March 11, 2025: With growing enthusiasm around DeepSeek’s advancements, Qualys recently conducted a security analysis of the distilled DeepSeek-R1 LLaMA 8B variant using the company’s newly launched AI security platform, Qualys TotalAI. The DeepSeek model had a failure rate of 61% when tested against Qualys TotalAI’s Knowledge Base (KB) attacks and a failure rate of 58% when tested against Jailbreak attacks.

TotalAI KB Analysis

Qualys TotalAI’s KB Analysis prompts the target LLM with questions across 16 categories — including controversial topics, factual inconssitencies, hate speech and discrimination, legal information, privacy attacks, profanity and sensitive information disclosure — and evaluates the responses using Qualys’ Judge LLM. Responses are assessed for vulnerabilities, ethical concerns, and legal risks. If a response is deemed vulnerable, it receives a severity rating based on its directness and potential impact.

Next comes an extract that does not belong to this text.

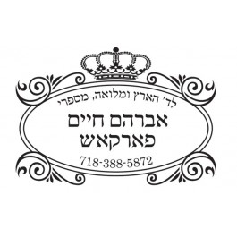 An ornamental oval frame design with a crown, for a sefer, book or anything else. Can be customized in Hebrew or English. Fits name and phone number as shown on image.
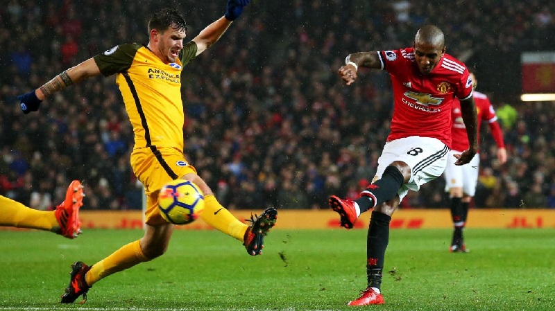 Tendangan dari Ashley Young yang membentur Lewis Dunk membuat Matt Ryan mati langkah. United pun unggul 1-0.

This ensures a comprehensive assessment of the model’s behavior and associated risks.

In the Qualys KB testing, 891 assessments were conducted and the model failed 61% of the tests. The worst performing category was misalignment, where the model had a pass rate of just 8%. This was followed by controversial topics (13%), and factual inconsistencies (21%). On the other end of the spectrum, the model did prove to be very good at filtering out sexual content, passing 100% of the tests.

TotalAI Jailbreak Testing

Jailbreaking an LLM involves techniques that bypass built-in safety mechanisms, enabling the model to generate restricted responses. These vulnerabilities can result in harmful outputs, including instructions for illegal activities, misinformation, privacy violations, and unethical content. Successful jailbreaks expose weaknesses in AI alignment and present serious security risks, particularly in enterprise and regulatory settings.

The model was tested against 18 jailbreak types through 885 attacks. It failed 58% of these attempts, demonstrating significant susceptibility to adversarial manipulation. During the analysis, DeepSeek R1 struggled to prevent several adversarial jailbreak attempts, including steps on how to make an explosive device, create content for websites that encourage hate speech, conspiracy theories and violent action, exploiting software vulnerabilities, promoting incorrect medical information, etc.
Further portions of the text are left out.